Live From The Cutting Room Floor

It has been 11 years since I was just beginning middle school, when I realized I wanted to be that woman on the TV that I had watched everyday as I got ready in the mornings…and maybe one day, inspire a younger me.

When I first declared my major in Television Journalism, I didn’t realize the depth of work I signed myself up for, nor did I realize I would love every minute of it.

TVJ students at WVU really get that hands on training from beginning to end. I am currently a part of the SOJ Spring 2012 Newscast and I couldn’t ask to be a part of a better crew. Everything is just like a real newsroom. That’s what I love about this program, they put you in real world situations so when you really get out there, you’re one step-ahead of your competition. Now you have the opportunity to be ahead of the rest as well, right here, right now…live from the cutting room floor.

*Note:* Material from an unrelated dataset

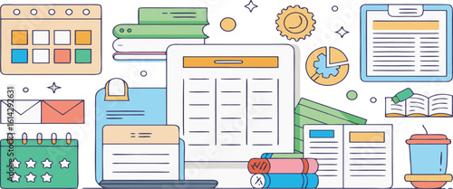 Adults embracing new technologies vector poster template set. Adult people use mobile phone, tablet, laptop computer to stay informed, to connect to friends, family and for other reasons.
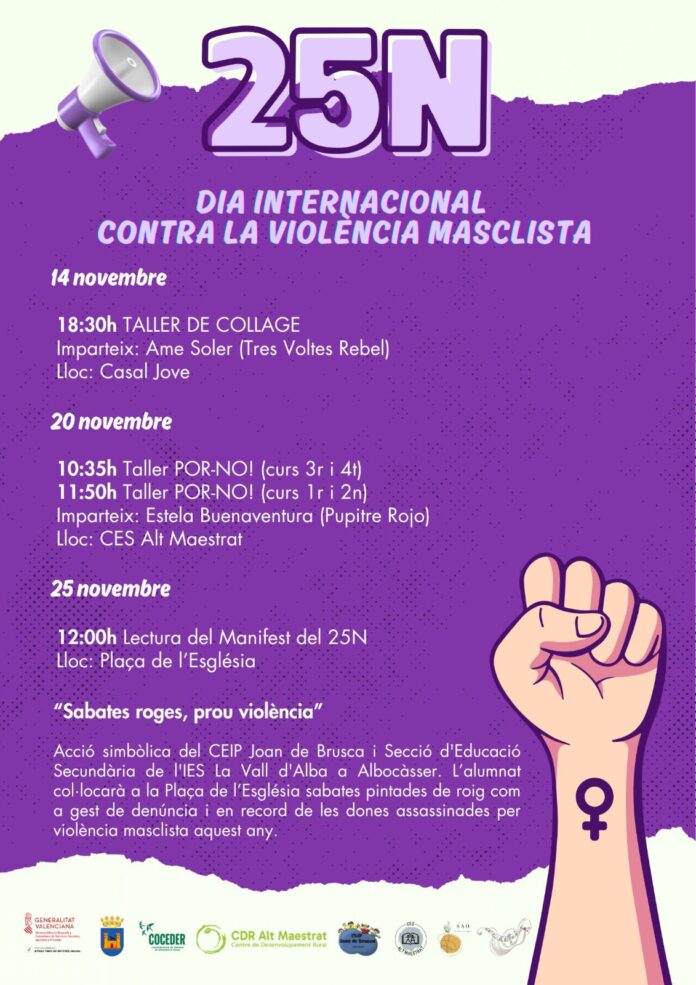 Albocàsser ha preparat un programa d’activitats amb motiu del 25 de Novembre, Dia Internacional per a l’Eliminació de la Violència contra les Dones, fruit del treball conjunt de diverses entitats i centres del municipi. L’objectiu és reforçar el compromís col·lectiu en la lluita contra la violència masclista i fomentar la conscienciació i la implicació de tot el poble.

Every Monday morning, the crew holds a news meeting to pitch story ideas to our teacher. We all must have 3 ideas that are related to our beat. We work on a beat system so that every student has a clear focus for each of their individual stories. I am the Entertainment Reporter (and Assistant Producer), and believe it or not, it is one of the toughest beats to have in Morgantown.

After we all have pitched our ideas to Professor Dahlia, she helps us choose the best one.  We are given three days to set up and shoot interviews, catch b-roll and edit our package. After the producer’s meeting, the top 5 reporters with the best packages that week receive a phone call informing them that they have made show. One thing I love about that is; it is different every week, so everyone has a shot at making show and even being live on set. After this is when all of the fun begins…

Bright and early every Wednesday morning, the crew meets at the studio for the current week’s taping. Right now we are taping episode 6 with our anchors Josh Marshall and Alex Koscevic. We all work as a team and try to help each other as best as we can so the show goes as smooth as possible. We all are assigned different positions and plan to master them well before the end of the semester. Our director Wayne really takes control of situations and has a lot of energy back in control room and our producer Caitlin is a perfect fit. Both of their energies really aid the process and it is received by everyone on set.

There are so many technical positions during a newscast, so you really have to be paying attention at all times. One thing I hear almost every week?…”TIME IS MONEY!!!”, and it’s true. The University invests a lot of money in the journalism school. Whether it is new HD cameras, tripods, Mac computers, and the most expensive investment of all…the studio at the Waterfront where all of the magic happens.

As I approach the end of my journey here at the J school, I realize now that all of the late nights and early mornings in the edit lab are already paying off.


  1. I’ve been keeping up with WVU News tapings and think all of you are doing a great job! You mentioned how the entertainment beat is surprisingly difficult in Morgantown. Why is that? And what have you had to do to compensate for the challenges it’s brought about? Here’s a link to a post from the Journalism blog of the Glasgow School for Business and Society at Glasgow Caledonian University that discusses covering the entertainment beat:

    • Autumn L. said:

      Thanks for the link! Pretty cool info on there 🙂 But to answer your question, the entertainment beat is a tougher beat to have for many reasons. Although people, especially students in Morgantown know about the nightlife and it’s reputation, our newscast represents the school and I do not want to come off like I would be promoting drinking-especially underage drinking. Also, even though Morgantown hosts many concerts and events at the CAC, most shows do not allow cameras-even if it is for the news. If we have guest speakers, I would have to contact their PR people or their agents and that is a whole process that could take weeks to set up. That wouldn’t be such a problem if I wasn’t constrained to shooting, editing, and having my package complete in three days. To overcome some of these obstacles I try to focus my stories on open-to-the-public events or fundraisers that have an entertaining edge.

  2. Entertainment usually is a bunch of fluff to some people but you can look beyond the typical subject matter. You can expand into healthy areas as well…..check into some of the farms around Morgantown and see the kinds of events they hold.

    • Autumn L. said:

      That’s exactly my point. Entertainment can be fluff and WVU News is pretty traditional so it was kind of difficult to add in entertainment to the show sometimes. I took it upon myself to make it happen though.